Palabras de espiritualidad

La tentación del fariseísmo

  • Foto: Stefan Cojocariu

    Foto: Stefan Cojocariu

Translation and adaptation:

Los mandamientos de Cristo nos son de provecho en tanto nos llevan a un encuentro vivo y real con Él.

Son muy conocidas las palabras pronunciadas por el Señor en cotnra de los fariseos (en el capítulo 23 del Evangelio según San Mateo). Los acusa de que “atan cargas pesadas e insoportables y las echan a los hombros del pueblo, pero ellos ni con un dedo quieren moverlas”, que “hacen todas sus obras para que los vean los demás”, que “les gusta ocupar los primeros puestos en los banquetes”, “ser saludados en las plazas y que los llamen ‘maestros’”, que “cierran el Reino de Dios a los hombres”, y que “devoran los bienes de las viudas mientras aparentan hacer largas oraciones”. Lo deseable es que ninguna de esas palabras pueda aplicarse a algún sacerdote de nuestros días. Pero una actitud normal y espiritual ante tales palabras no es, en ningún caso, la de asumir que ellas en nada nos conciernen a nosotros. Si procediéramos así, nos haríamos culpables de una actitud farisaica, actuando como esos que le respondieron al Señor que eran los “hijos de Abraham” y, en consecuencia, se consideraban superiores a los demás, rechazando incluso la idea de que hubiera algo errado en su comportamiento.
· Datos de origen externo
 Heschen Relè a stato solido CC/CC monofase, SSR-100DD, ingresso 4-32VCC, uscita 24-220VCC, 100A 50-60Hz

Sin embargo, si somos humildes y consideramos que esas durísimas palabras del Señor pueden estar dirigidas también a nosotros, obtendremos un gran provecho espiritual, porque nos ayudarán a mantenernos en un permanente estado de vigilia. Yo recomiendo leerlas al menos una vez al mes, junto con un honesto análisis de nuestra propia vida, intentando identificar las situaciones en las que podríamos haber actuado de la forma mencionada por el Señor. Por ejemplo, algunas veces, el sacerdote es invitado a sentarse “a la cabeza de la mesa”; esto, en sí mismo, no tiene nada de malo. Pero el sacerdote tendrá que preguntarse si ocupar ese lugar es algo que realmente deseaba, si se deleitó con ese “honor”, o si fue invitado y, aunque bien hubiera podido sentarse en cualquier otro lugar, para no molestar a sus anfitriones, terminó aceptando tal privilegio.
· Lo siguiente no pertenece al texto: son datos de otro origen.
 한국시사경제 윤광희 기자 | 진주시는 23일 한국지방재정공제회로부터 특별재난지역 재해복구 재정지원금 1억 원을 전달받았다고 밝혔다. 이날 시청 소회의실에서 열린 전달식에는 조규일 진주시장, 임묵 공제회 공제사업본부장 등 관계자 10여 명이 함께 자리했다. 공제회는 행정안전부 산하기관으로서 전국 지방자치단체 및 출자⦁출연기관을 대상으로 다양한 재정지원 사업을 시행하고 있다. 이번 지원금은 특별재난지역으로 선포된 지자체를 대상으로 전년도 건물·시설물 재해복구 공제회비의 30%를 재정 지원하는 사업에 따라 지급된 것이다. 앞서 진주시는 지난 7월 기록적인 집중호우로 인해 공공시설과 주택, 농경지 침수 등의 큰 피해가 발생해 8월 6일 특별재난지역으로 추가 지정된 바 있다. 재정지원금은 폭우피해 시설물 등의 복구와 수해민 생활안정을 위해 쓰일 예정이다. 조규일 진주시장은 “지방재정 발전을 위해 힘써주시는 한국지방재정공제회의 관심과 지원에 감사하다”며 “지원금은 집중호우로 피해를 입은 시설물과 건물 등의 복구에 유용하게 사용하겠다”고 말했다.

Uno de los más prolíficos filósofos cristianos, el ruso Nicolái Berdiáyev, encontraba en el nuevo fariseísmo una verdadera amenaza para el cristianismo. “Hoy en día, sería un error creer que la estigmatización de los fariseos, que se puede encontrar en todo el Evangelio, se refiere solamente al pasado más lejano, a los maestros del pueblo hebreo. El fariseísmo sigue siendo un elemento que juega un enorme rol en la vida de la Iglesia histórica, sofocante para la teología y la moral cristianas”, afirma Berdiáyev en un artículo de 1935. El fariseísmo implica, para él, un enfriamiento de la “llama generada por la primera revelación, y la instauración del reinado de la norma y el formalismo”, siendo un fenómeno observable en todas las religiones del mundo. Es una forma de caída para el hombre, como una multiplicación o repetición de su primera caída, ocurrida en el Paraíso.
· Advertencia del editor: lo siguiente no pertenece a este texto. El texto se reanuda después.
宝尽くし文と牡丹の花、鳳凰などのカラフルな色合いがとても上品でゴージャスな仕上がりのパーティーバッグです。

El hecho de que el hombre tenga esta tendencia, de reducir una vida espiritual “viva”, activa, a una serie de normas que se propone respetar, es, igualmente, una señal de su debilidad. Los mandamientos de Cristo nos son de provecho en tanto nos llevan también a un encuentro vivo y real con Él. De lo contrario, dichas normas, asumidas en sí mismas, fácilmente pueden convertirse en piedra de tropiezo, en modelos para una moral bien articulada, pero inerte, que no puede deificar al hombre.

El momento de la confesión es ese en el cual, en mayor medida que en otras situaciones, podemos hacer uso de los beneficios de semejante autoevaluación, partiendo de la premisa que la tentación del fariseísmo sigue presente en nuestros días y lo seguirá estando hasta el final de los tiempos. Si recordamos las palabras: “atan cargas pesadas e insoportables y las echan a los hombros del pueblo, pero ellos ni con un dedo quieren moverlas”, entenderemos mejor por qué los padres espirituales más experimentados jamás prescriben a sus discípulos cánones más severos de lo que ellos mismos podrían cumplir. Así es como evitaremos la doble medida o doble estándar que aplicamos a nuestra propia persona y a los otros, evitando así las vergonzosas palabras con las que a veces nos reprende el pueblo: “Haz lo que dice el padre, no lo que hace”.